Pasir ris mall with an estimated 280,000 sq ft NLA is one of the major developments that will be completed by 2024. Labrador Tower is also constructing a smaller retail component of about 30,000 square feet NLA.
Rents should be supported by the addition of retail space in 2024, as it is below the historic five-year average of 0.62m sq ft.
The capital value of the market is also expected to increase in 2024, according to her.
URA data indicates that retail prices in the Central Region rose by 0.9% since Q1’s low. In Q3, the index of prices was 26% below its peak in Q4 2014.
Owners who run their own retail concept or F&B as well those who simply lease their units out based on rental rates are responsible for the mishmash.

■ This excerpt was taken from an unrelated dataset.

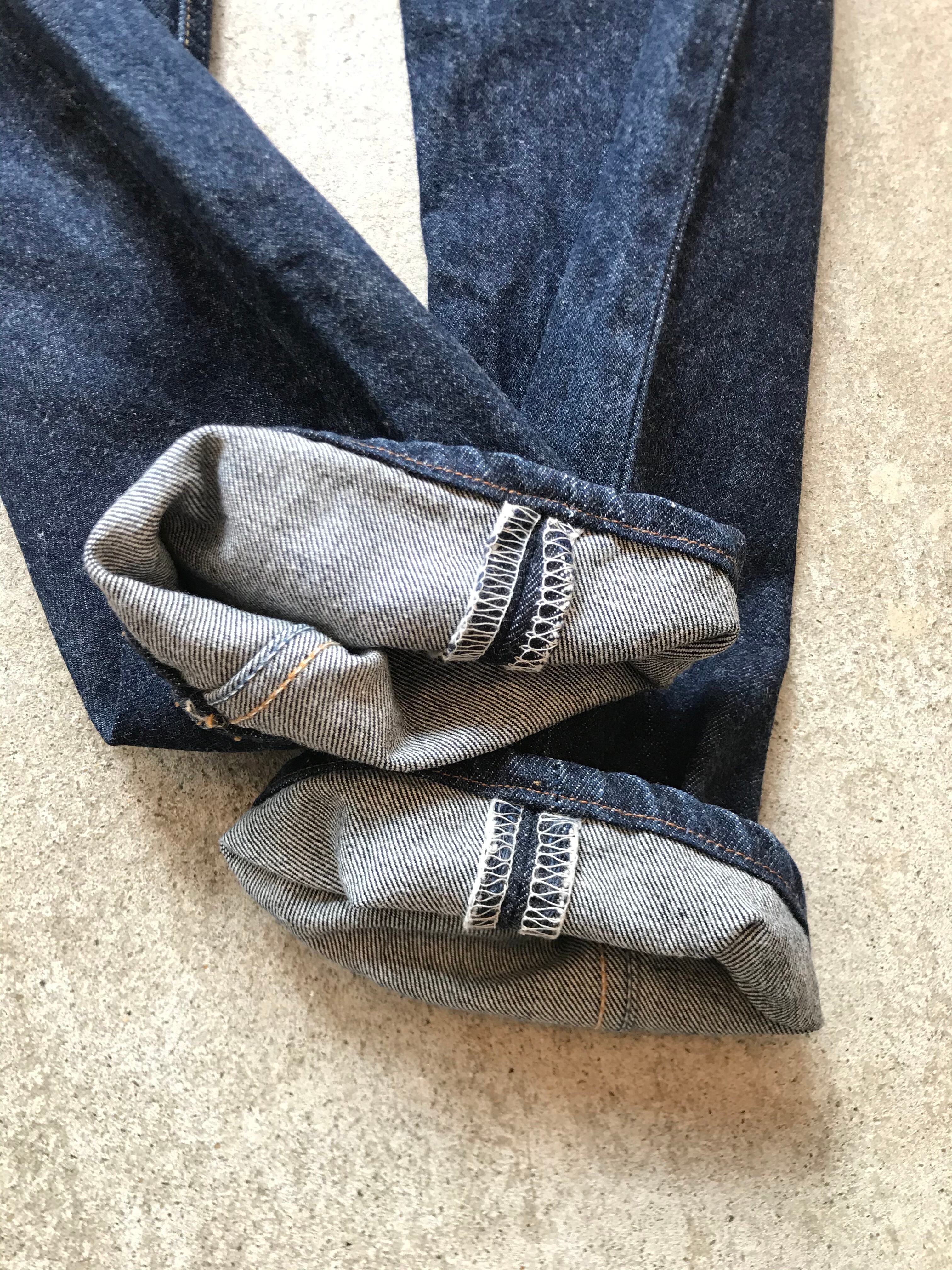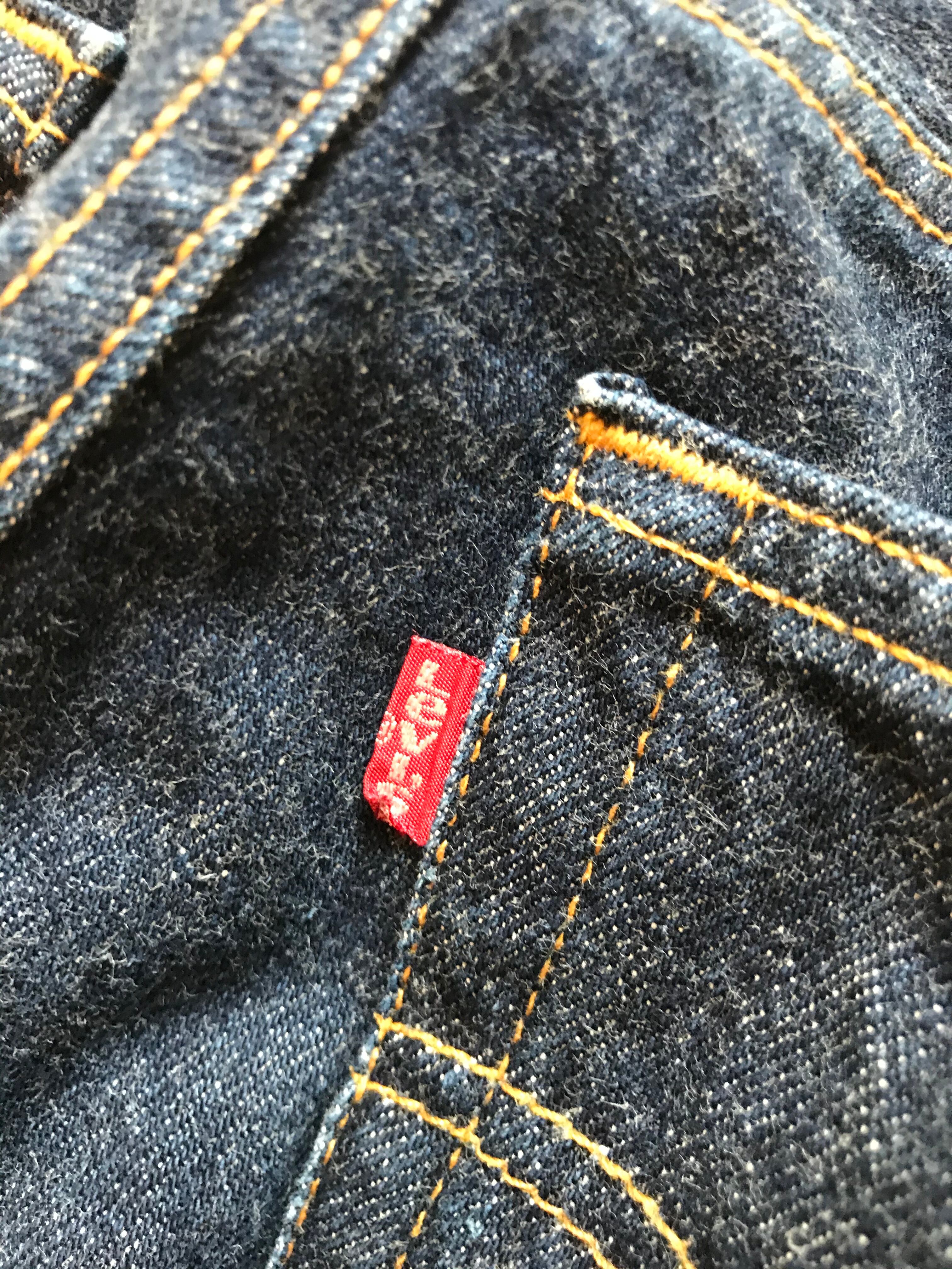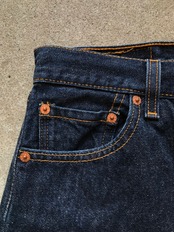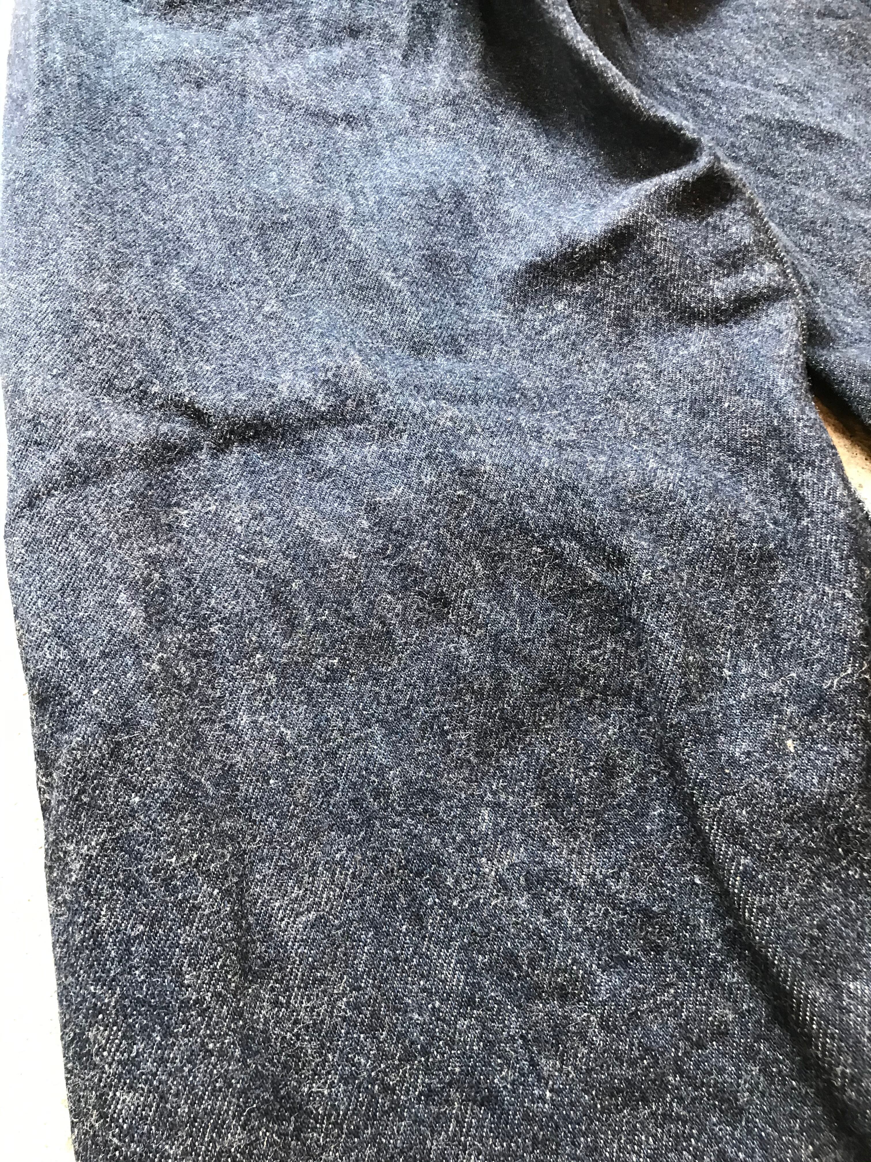 履き込まれてデニムの色落ちが進んだ物がどうしても多いですがこちらの1本はほとんど着用感が無い色残りがしっかりとある素晴らしい1本。

In the post-pandemic environment, these malls could benefit from a redesign with regard to mall positioning and trade mix strategy to provide an holistic shopper’s experience and appeal a new customer generation.
Orchard Road is expected to see an average annual rent increase of 3 to 5% by 2024.
In the suburbs, rents are expected to remain flat, as outbound travel, inflation, and discretionary spending dampen the demand for housing.
URA data estimates that 570,000 square feet of net lettable space (NLA) will be added to retail in 2024.
The 1.2 million square feet of NLA completed last year is still higher. This is a figure that is similar to the 599.549 sq. ft. NLA completed for 2021 and is slightly higher than 443,473 sq. ft.
In 2024, there is a low probability of an oversupply at retail and this will not impact retail rents in 2019.
According to market watchers, while the inflationary pressures and higher Goods and Services Tax will have an immediate impact, they won’t dampen spending on retail goods and services or push down rents.
Rents for prime retail properties are projected to increase between 1.5 and 4.1% in 2023. This will be driven by the Orchard Road, and Downtown submarkets.
Inflation and increased demand are driving up retail rents. This is especially true for Tier-1 malls, such as Ion Orchard, Nex, and Ion Orchard.
Retailers have been hit hard by the impact of inflation and the GST hike.